Матушка сняла перчатки и поморщилась.

– Руками надо будет заняться… Дорогой, мне нужно, чтобы ты доставил письмо.

– Хорошо.

– Даже не спросишь, кому?

– Ну… а толку-то? – Эдди поскреб макушку. – Я тут все одно никого не знаю. Да и…

Письмо можно отправить почтой. Или вон свистнуть мальчишку, правда, местные будут в форме и могут не захотеть возиться с чужими письмами.

– Мне давно стоило поговорить с тобой. – Матушка опустилась в другое кресло. И провела пальцами по столу. – Или остаться дома… но ты бы не оставил меня там одну.
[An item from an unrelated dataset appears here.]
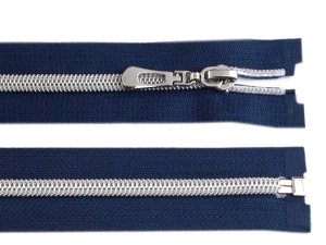 Dělitelný spirálový zip se stříbrnými zoubky je vhodný k našití na bundy, kabáty, mikiny nebo sportovní tašky.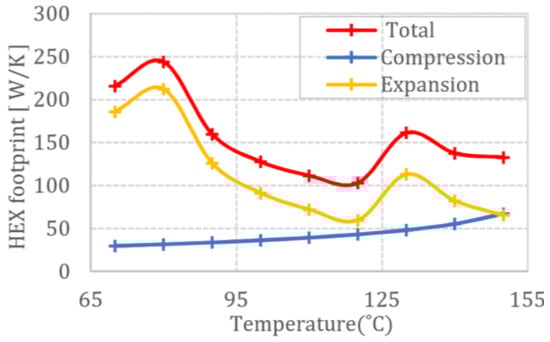 At constant Ne, the HEX footprints of the discharging phase decrease substantially (Figure 3) since the logarithmic mean temperature LMTD grows, assigned to the rise of the water output temperature of TES (Figure 2). The maximum values of HEX footprints are achieved at the critical values of hot, TES with a general declining trend due to the decrease of Ne. The variation of the total footprint follows that of the discharging phase HEX footprints tendency given the small rise of the HEX footprints of the charging phase.

– Нет. – Начало Эдди не понравилось.

Еще сильнее, чем не нравилось это место.

Сразу и шея зачесалась, предчувствуя грядущие неприятности.

– И Милли тоже бросать неправильно. Она очень порывистая девочка. Ей нелегко придется. И… я не уверена, что все выйдет.

– Матушка?

– Матушка. – Она грустно улыбнулась. – Знаешь… когда я впервые тебя увидела, то пришла в ужас.

– Ну… – Эдди подумал и согласился, что было от чего. Хотя обидно. Немного. Детская такая обида, глупая.

– У меня была странная жизнь. Но ты и Милли – стоили всего, что случилось. – Она моргнула и отвернулась. – Если бы мы остались, я… пожалуй, молчала бы и дальше. Там это знание только лишнее. Но раз получилось как получилось… меня увидят.

– Кто?

– Кто-нибудь. Времени прошло много, да и я сильно изменилась, но, боюсь, не настолько, чтобы надеяться, что этого хватит. Так что… увидят. Узнают. А там… моя семья. – И столько тоски прозвучало в голосе матушки, что рука сама к револьверу потянулась.


Эва открыла глаза. И несколько раз моргнула, пытаясь как-то избавиться от мутной пелены, что окружала ее. Пелена не исчезала, напротив, стало только хуже.

Глаза болели.

И лицо.

И зубы, отчего-то особенно сильно. Она даже потрогала их пальцами. Пальцы, правда, тоже болели.

Что за…

Она в какой-то момент исчезла, та часть, которая смотрит со стороны. И видит. Из-за зелья? Или комнаты этой?

Комната?

Небольшая. Тесная. В нее и влез-то лишь топчан, на который сверху бросили соломенный матрас. А уж на матрас – Эву. И одеялом прикрыли. Одеяло пованивало, как и все остальное.

Серые стены.

Какие-то неровные, ободранные. И оконце где-то под самым потолком. Узенькое. В него и кошка не протиснется, не говоря уж про человека. Да и высоко. Не добраться.

Эва помотала головой.

Взгляд прояснялся. И вот уже она заметила кувшин рядом с топчаном. И миску. Умыться? Надо, наверное. Ее… мыли. Да. И одели. Она пощупала жесткую ткань рубахи.

На помощь позвать?

Или…

Додумать Эве не позволили. С тихим скрипом приотворилась дверь, пропуская молодую женщину с изуродованным лицом. Левая его часть была прекрасна, а вот правая представляла собой месиво из рубцов и язв.

– Живая? – осипшим голосом осведомилась вошедшая. – Че пялишься?

– Ничего. Извините.

– То-то же… а то от! – Эве под нос сунули кулак. – Вздумаешь дурить, не погляжу, что матушка велела, так отколошматю, живенько поймешь, кто тут старший!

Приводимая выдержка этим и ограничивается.